29. The Act provides that persons in immigration detention shall, upon request, be afforded all reasonable facilities for making a statutory declaration for the purposes of the Act or for obtaining legal advice or taking legal proceedings in relation to their detention. DIMIA states that it complies with its obligation under the Act by affording all reasonable facilities for obtaining legal advice at the request of a person in immigration detention.
30. In some cases, the Minister can issue a so-called Bridging Visa to "eligible non-citizens" which provides for the release from detention pending the processing of a visa application.
31. In addition, other State and Territory legislation and regulations, Ministerial Directions, departmental policies and procedures, memorandums of understanding, and other similar documents also form part of the legal framework governing immigration detention.
32. According to the Government, in Australia there are currently 7 operational facilities of detention which are covered by the regular provisions of the Act. These are the following:
Curtin, Western Australia (To be closed)
Perth, Western Australia
Port Hedland, Western Australia
Villawood, New South Wales
Woomera, South Australia
Woomera Residential Housing Project, South Australia
33. There is also a new facility in Baxter, Southern Australia , which is in the process of becoming operational. In addition, two facilities currently exist in excised offshore places. These are the facilities at Christmas Island and Cocos Island (the latter is not operational). A person landing in an unauthorized manner in an excised offshore place is not permitted to apply for a visa under the Migration Act. There are, however, mechanisms for assessing asylum claims these persons may have.
34. The operation of the detention facilities has been outsourced to private companies under a public tender scheme. The current service provider is a private company called Australian Correctional Management (ACM).

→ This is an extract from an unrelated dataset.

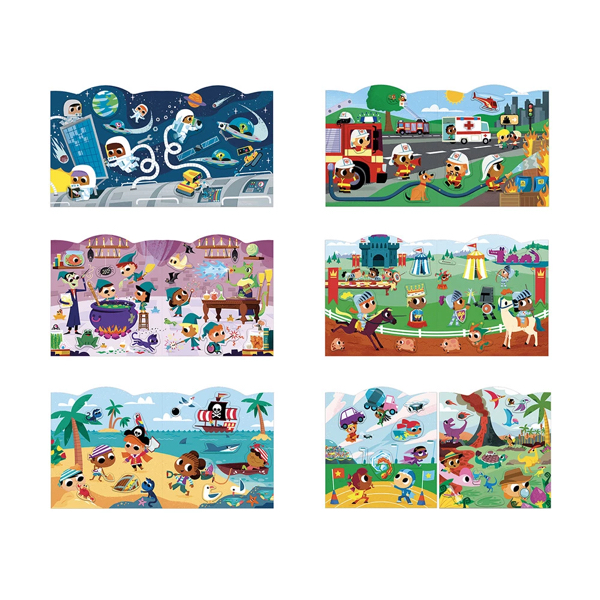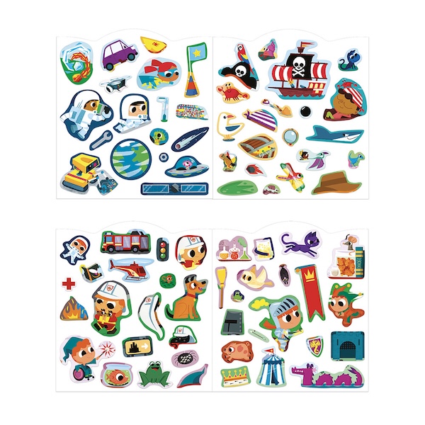 Pirates, astronautes, pompiers, super-héros… chaque scène invite à inventer des histoires pleines d’action et de rebondissements !

35. DIMIA has promulgated a set of standards, the Immigration Detention Standards (IDS) that regulate the conditions required to be observed by the Service Provider in the provision of services in detention centres. Justice Bhagwati was provided with the IDS effective 27 February 1998. However, Justice Bhagwati was also provided with a text entitled Extract from Exposure Draft of a Request for Tender to provide Immigration Detention Services, which included excerpts from a revised set of IDS. It was only subsequently, in June 2002, that DIMIA released the new IDS in connection with a request for tender for a new service provider contract. Justice Bhagwati finds it unfortunate that he was not briefed more comprehensively about the new IDS.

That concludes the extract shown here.